■ **ACTIVITY**
Where an entry holds an image, leave the image out; otherwise reproduce the entry exactly.

Data entries:
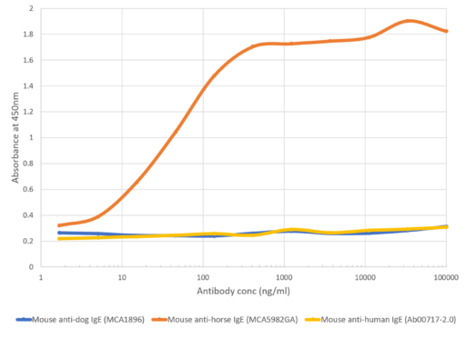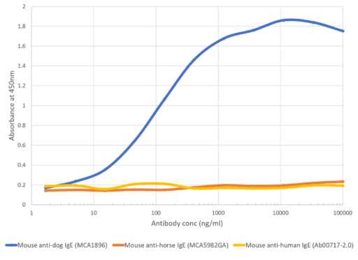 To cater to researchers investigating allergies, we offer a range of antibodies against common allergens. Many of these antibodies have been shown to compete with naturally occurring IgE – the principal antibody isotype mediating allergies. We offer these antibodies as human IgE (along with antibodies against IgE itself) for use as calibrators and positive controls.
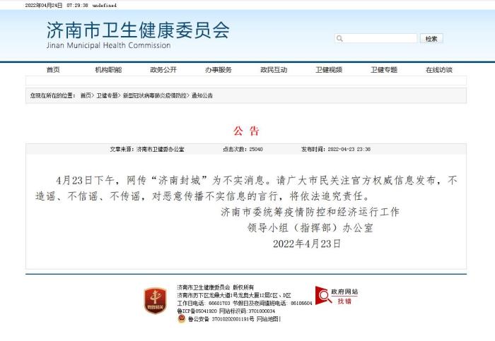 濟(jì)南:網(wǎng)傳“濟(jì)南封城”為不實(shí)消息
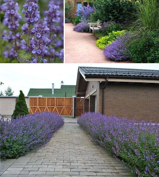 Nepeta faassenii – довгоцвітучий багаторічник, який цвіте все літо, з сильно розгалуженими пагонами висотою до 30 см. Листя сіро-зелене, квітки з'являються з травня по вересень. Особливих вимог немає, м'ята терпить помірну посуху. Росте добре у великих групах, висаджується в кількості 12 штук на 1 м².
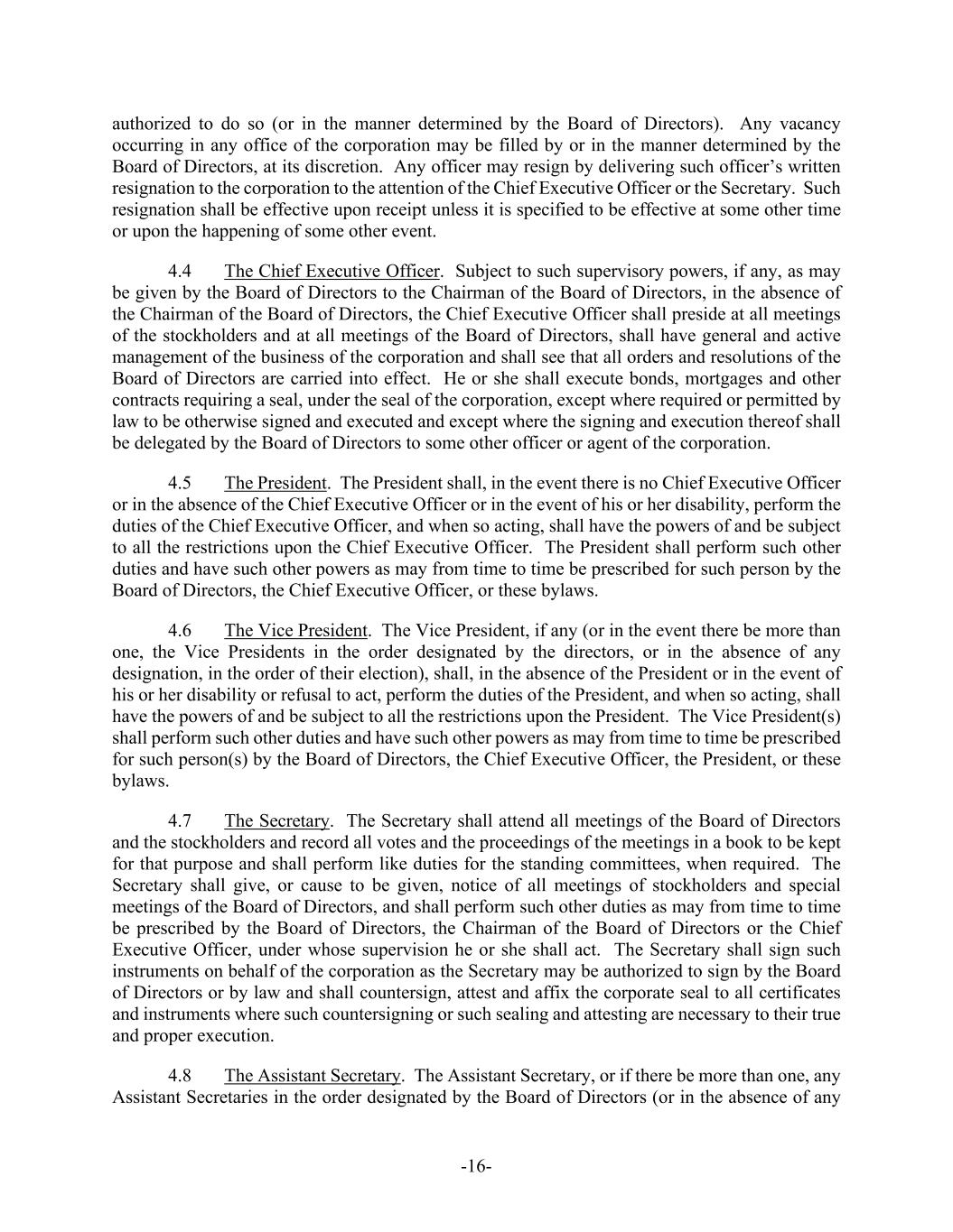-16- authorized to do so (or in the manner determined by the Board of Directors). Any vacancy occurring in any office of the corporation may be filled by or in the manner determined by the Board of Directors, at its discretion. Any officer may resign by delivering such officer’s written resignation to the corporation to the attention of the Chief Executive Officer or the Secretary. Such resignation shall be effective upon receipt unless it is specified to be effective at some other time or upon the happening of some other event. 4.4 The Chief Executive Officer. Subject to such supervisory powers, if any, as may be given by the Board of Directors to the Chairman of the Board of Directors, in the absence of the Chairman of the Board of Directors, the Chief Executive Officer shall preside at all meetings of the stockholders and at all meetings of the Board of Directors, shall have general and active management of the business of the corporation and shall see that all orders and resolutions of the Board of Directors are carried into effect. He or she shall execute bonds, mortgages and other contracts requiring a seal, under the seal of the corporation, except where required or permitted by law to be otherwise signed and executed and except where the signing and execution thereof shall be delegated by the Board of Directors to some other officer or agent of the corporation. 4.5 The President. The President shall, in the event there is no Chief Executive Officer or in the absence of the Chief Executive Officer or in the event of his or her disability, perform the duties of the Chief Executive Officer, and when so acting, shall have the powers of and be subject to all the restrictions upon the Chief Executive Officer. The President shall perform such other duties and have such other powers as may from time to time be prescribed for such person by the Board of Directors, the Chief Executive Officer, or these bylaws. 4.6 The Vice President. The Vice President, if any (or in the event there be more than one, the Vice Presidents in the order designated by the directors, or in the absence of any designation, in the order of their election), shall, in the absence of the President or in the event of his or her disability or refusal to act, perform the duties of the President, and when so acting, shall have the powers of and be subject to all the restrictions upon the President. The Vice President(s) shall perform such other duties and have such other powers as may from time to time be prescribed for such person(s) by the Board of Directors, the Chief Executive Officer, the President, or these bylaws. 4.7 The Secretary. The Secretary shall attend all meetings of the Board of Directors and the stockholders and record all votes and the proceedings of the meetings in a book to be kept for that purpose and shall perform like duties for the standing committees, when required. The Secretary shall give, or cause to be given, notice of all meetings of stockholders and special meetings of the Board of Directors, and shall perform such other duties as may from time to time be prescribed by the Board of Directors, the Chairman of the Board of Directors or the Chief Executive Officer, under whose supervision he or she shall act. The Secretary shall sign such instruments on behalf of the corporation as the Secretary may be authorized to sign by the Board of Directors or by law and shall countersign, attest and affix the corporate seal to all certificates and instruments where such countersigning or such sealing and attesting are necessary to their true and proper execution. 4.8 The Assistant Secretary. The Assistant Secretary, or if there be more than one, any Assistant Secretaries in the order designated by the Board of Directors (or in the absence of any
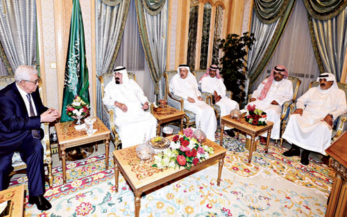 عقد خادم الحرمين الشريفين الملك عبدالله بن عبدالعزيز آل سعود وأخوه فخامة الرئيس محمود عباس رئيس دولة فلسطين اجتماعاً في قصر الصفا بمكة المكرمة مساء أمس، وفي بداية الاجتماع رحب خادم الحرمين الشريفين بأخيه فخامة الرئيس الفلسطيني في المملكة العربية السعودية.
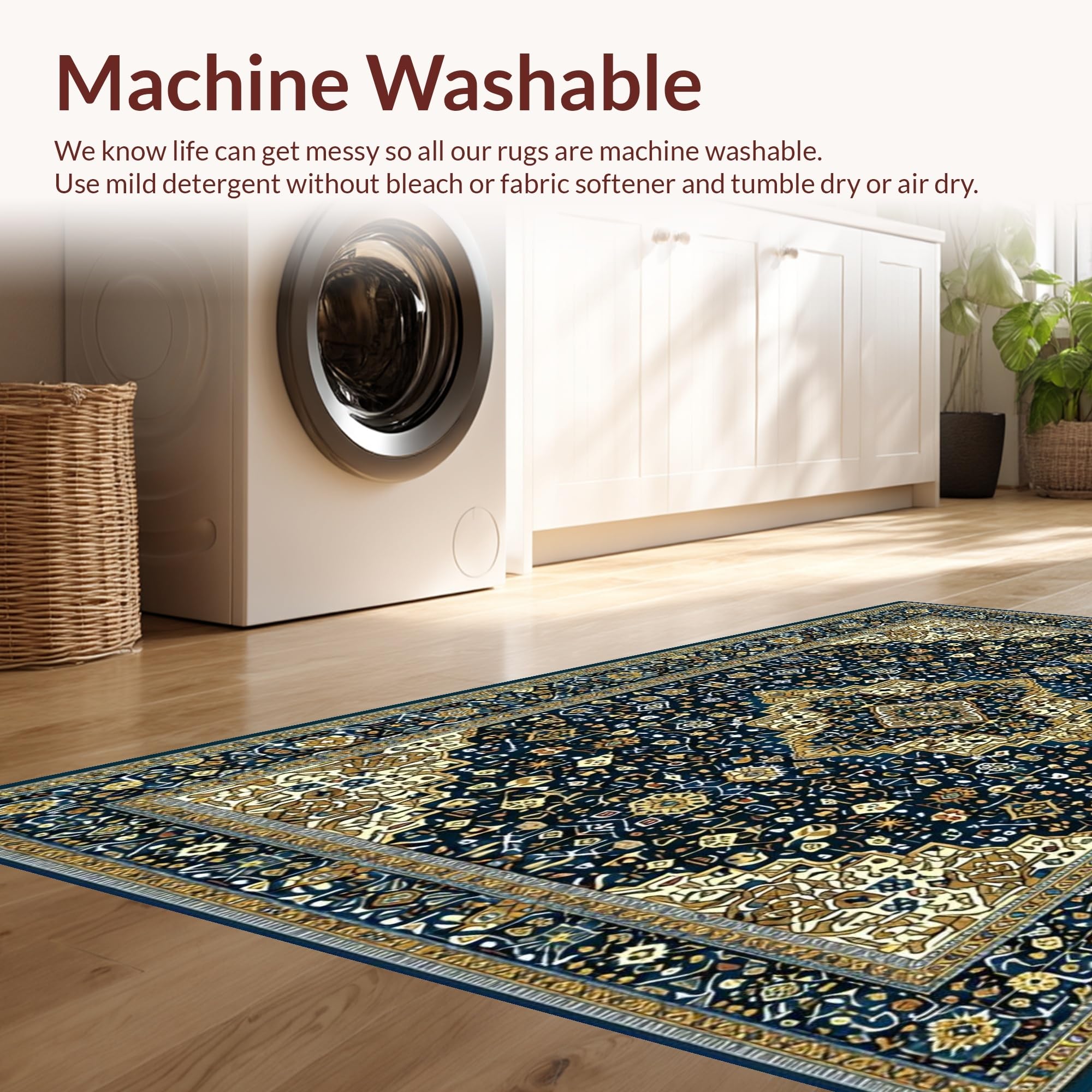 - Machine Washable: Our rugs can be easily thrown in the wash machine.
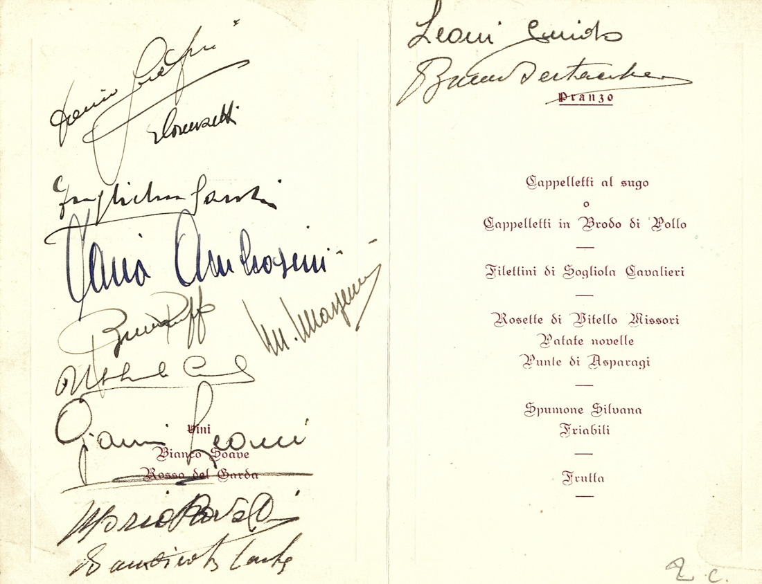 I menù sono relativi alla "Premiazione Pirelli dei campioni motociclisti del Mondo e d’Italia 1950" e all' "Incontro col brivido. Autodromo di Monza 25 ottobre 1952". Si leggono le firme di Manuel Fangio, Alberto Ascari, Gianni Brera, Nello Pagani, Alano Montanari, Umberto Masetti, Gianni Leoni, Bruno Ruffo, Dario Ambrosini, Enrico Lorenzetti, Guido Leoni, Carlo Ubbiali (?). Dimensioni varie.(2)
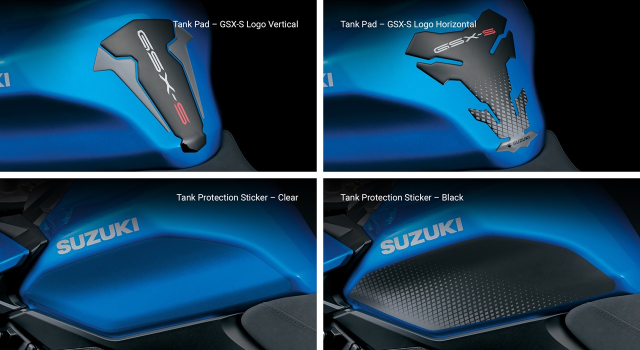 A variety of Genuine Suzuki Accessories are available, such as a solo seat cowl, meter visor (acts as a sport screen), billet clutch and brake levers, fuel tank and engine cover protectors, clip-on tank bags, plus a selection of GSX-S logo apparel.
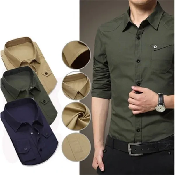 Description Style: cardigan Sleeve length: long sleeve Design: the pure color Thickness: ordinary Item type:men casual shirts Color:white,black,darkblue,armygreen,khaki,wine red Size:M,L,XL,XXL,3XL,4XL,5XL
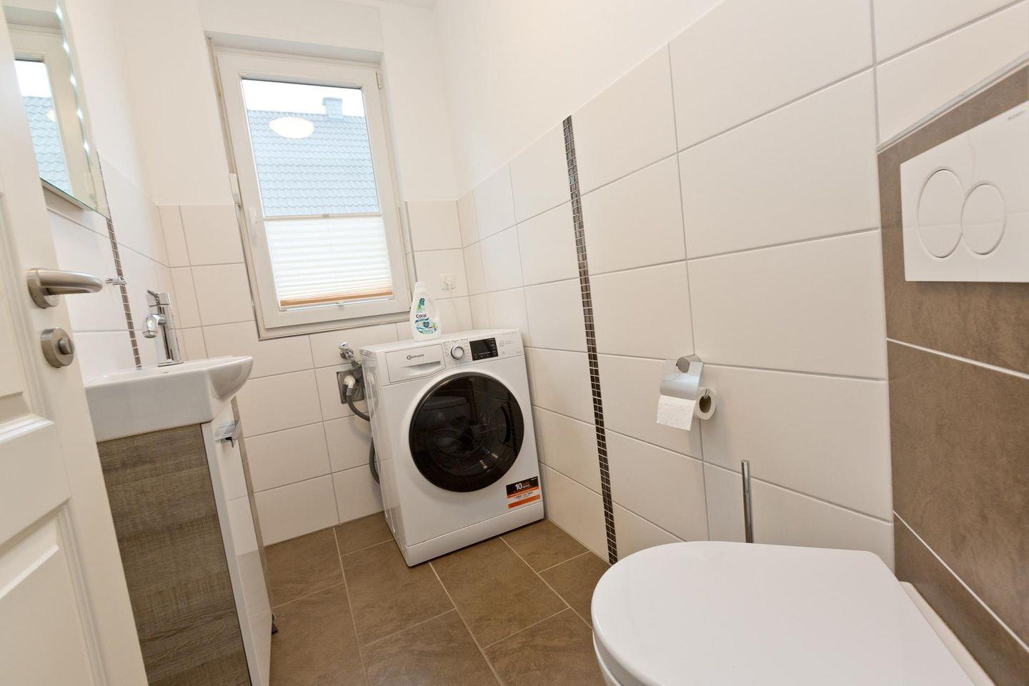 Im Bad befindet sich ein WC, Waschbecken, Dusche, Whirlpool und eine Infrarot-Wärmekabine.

■ **TASK SOLUTION**
 To cater to researchers investigating allergies, we offer a range of antibodies against common allergens. Many of these antibodies have been shown to compete with naturally occurring IgE – the principal antibody isotype mediating allergies. We offer these antibodies as human IgE (along with antibodies against IgE itself) for use as calibrators and positive controls.
 濟(jì)南:網(wǎng)傳“濟(jì)南封城”為不實(shí)消息
 Nepeta faassenii – довгоцвітучий багаторічник, який цвіте все літо, з сильно розгалуженими пагонами висотою до 30 см. Листя сіро-зелене, квітки з'являються з травня по вересень. Особливих вимог немає, м'ята терпить помірну посуху. Росте добре у великих групах, висаджується в кількості 12 штук на 1 м².
-16- authorized to do so (or in the manner determined by the Board of Directors). Any vacancy occurring in any office of the corporation may be filled by or in the manner determined by the Board of Directors, at its discretion. Any officer may resign by delivering such officer’s written resignation to the corporation to the attention of the Chief Executive Officer or the Secretary. Such resignation shall be effective upon receipt unless it is specified to be effective at some other time or upon the happening of some other event. 4.4 The Chief Executive Officer. Subject to such supervisory powers, if any, as may be given by the Board of Directors to the Chairman of the Board of Directors, in the absence of the Chairman of the Board of Directors, the Chief Executive Officer shall preside at all meetings of the stockholders and at all meetings of the Board of Directors, shall have general and active management of the business of the corporation and shall see that all orders and resolutions of the Board of Directors are carried into effect. He or she shall execute bonds, mortgages and other contracts requiring a seal, under the seal of the corporation, except where required or permitted by law to be otherwise signed and executed and except where the signing and execution thereof shall be delegated by the Board of Directors to some other officer or agent of the corporation. 4.5 The President. The President shall, in the event there is no Chief Executive Officer or in the absence of the Chief Executive Officer or in the event of his or her disability, perform the duties of the Chief Executive Officer, and when so acting, shall have the powers of and be subject to all the restrictions upon the Chief Executive Officer. The President shall perform such other duties and have such other powers as may from time to time be prescribed for such person by the Board of Directors, the Chief Executive Officer, or these bylaws. 4.6 The Vice President. The Vice President, if any (or in the event there be more than one, the Vice Presidents in the order designated by the directors, or in the absence of any designation, in the order of their election), shall, in the absence of the President or in the event of his or her disability or refusal to act, perform the duties of the President, and when so acting, shall have the powers of and be subject to all the restrictions upon the President. The Vice President(s) shall perform such other duties and have such other powers as may from time to time be prescribed for such person(s) by the Board of Directors, the Chief Executive Officer, the President, or these bylaws. 4.7 The Secretary. The Secretary shall attend all meetings of the Board of Directors and the stockholders and record all votes and the proceedings of the meetings in a book to be kept for that purpose and shall perform like duties for the standing committees, when required. The Secretary shall give, or cause to be given, notice of all meetings of stockholders and special meetings of the Board of Directors, and shall perform such other duties as may from time to time be prescribed by the Board of Directors, the Chairman of the Board of Directors or the Chief Executive Officer, under whose supervision he or she shall act. The Secretary shall sign such instruments on behalf of the corporation as the Secretary may be authorized to sign by the Board of Directors or by law and shall countersign, attest and affix the corporate seal to all certificates and instruments where such countersigning or such sealing and attesting are necessary to their true and proper execution. 4.8 The Assistant Secretary. The Assistant Secretary, or if there be more than one, any Assistant Secretaries in the order designated by the Board of Directors (or in the absence of any
 عقد خادم الحرمين الشريفين الملك عبدالله بن عبدالعزيز آل سعود وأخوه فخامة الرئيس محمود عباس رئيس دولة فلسطين اجتماعاً في قصر الصفا بمكة المكرمة مساء أمس، وفي بداية الاجتماع رحب خادم الحرمين الشريفين بأخيه فخامة الرئيس الفلسطيني في المملكة العربية السعودية.
 - Machine Washable: Our rugs can be easily thrown in the wash machine.
 I menù sono relativi alla "Premiazione Pirelli dei campioni motociclisti del Mondo e d’Italia 1950" e all' "Incontro col brivido. Autodromo di Monza 25 ottobre 1952". Si leggono le firme di Manuel Fangio, Alberto Ascari, Gianni Brera, Nello Pagani, Alano Montanari, Umberto Masetti, Gianni Leoni, Bruno Ruffo, Dario Ambrosini, Enrico Lorenzetti, Guido Leoni, Carlo Ubbiali (?). Dimensioni varie.(2)
 A variety of Genuine Suzuki Accessories are available, such as a solo seat cowl, meter visor (acts as a sport screen), billet clutch and brake levers, fuel tank and engine cover protectors, clip-on tank bags, plus a selection of GSX-S logo apparel.
 Description Style: cardigan Sleeve length: long sleeve Design: the pure color Thickness: ordinary Item type:men casual shirts Color:white,black,darkblue,armygreen,khaki,wine red Size:M,L,XL,XXL,3XL,4XL,5XL
 Im Bad befindet sich ein WC, Waschbecken, Dusche, Whirlpool und eine Infrarot-Wärmekabine.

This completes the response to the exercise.